- AVAILABLE DATA
* * * * * * *

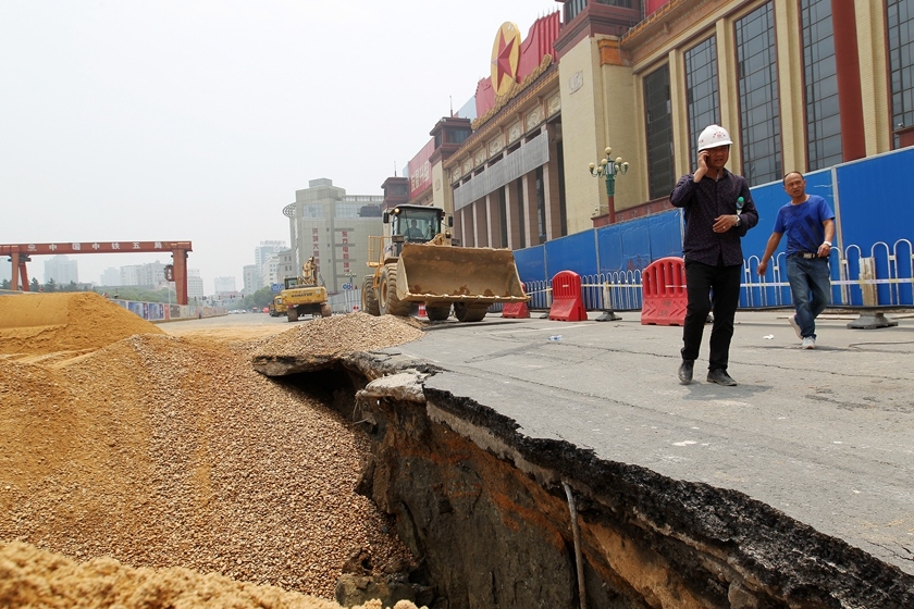 2016年5月14日,江西省南昌市,南昌地铁2号线八一广场站施工现场,施工人员正在对坍塌区进行砂石回填。 视觉中国
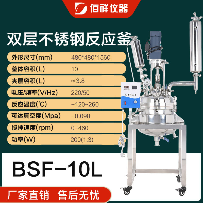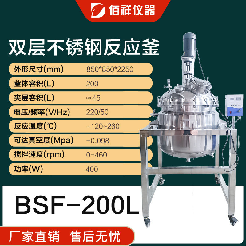 上海佰祥双层不锈钢反应釜高温高压电加热真空反应釜5L20L50L100L
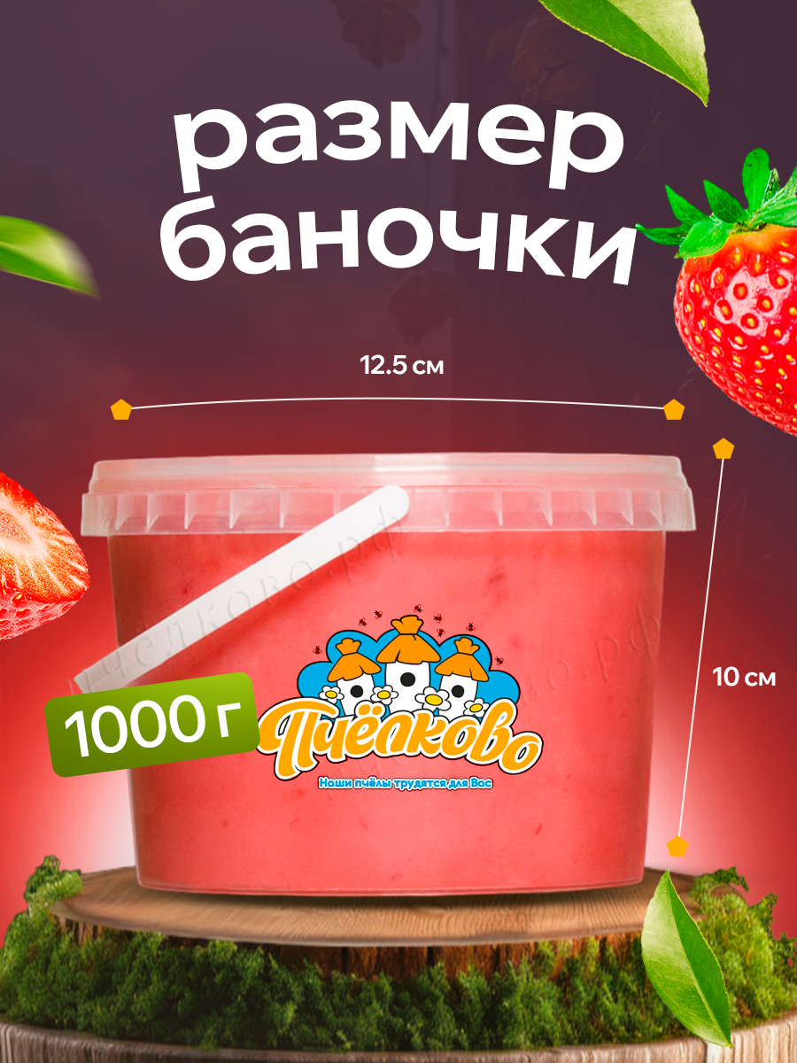 Крем-мед с Малиной от "Пчёлково", 1000гр, цветочный, органический, с сублимированными ягодами. интересное:
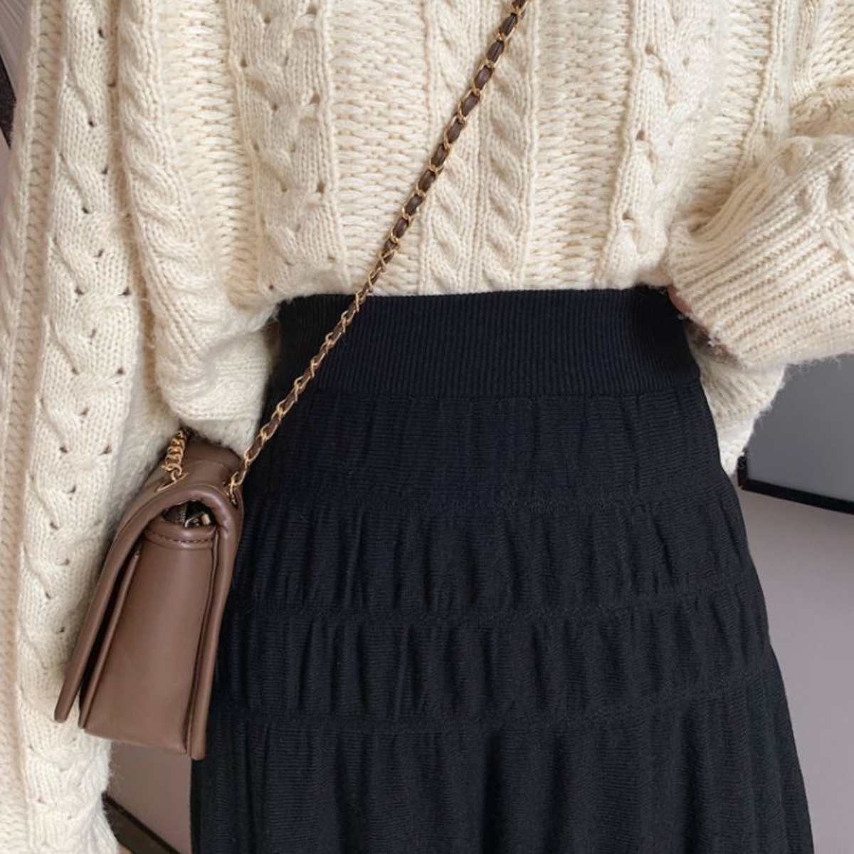 ギャザー ティアードスカート ニットソー 韓国ファッション レディース Aライン ロングスカート フ

* * * * * * *

- REQUIRED WORK
Copy out the material above in full and exactly; its pictures are not to appear.

- TASK OUTPUT
 2016年5月14日,江西省南昌市,南昌地铁2号线八一广场站施工现场,施工人员正在对坍塌区进行砂石回填。 视觉中国
 上海佰祥双层不锈钢反应釜高温高压电加热真空反应釜5L20L50L100L
 Крем-мед с Малиной от "Пчёлково", 1000гр, цветочный, органический, с сублимированными ягодами. интересное:
 ギャザー ティアードスカート ニットソー 韓国ファッション レディース Aライン ロングスカート フ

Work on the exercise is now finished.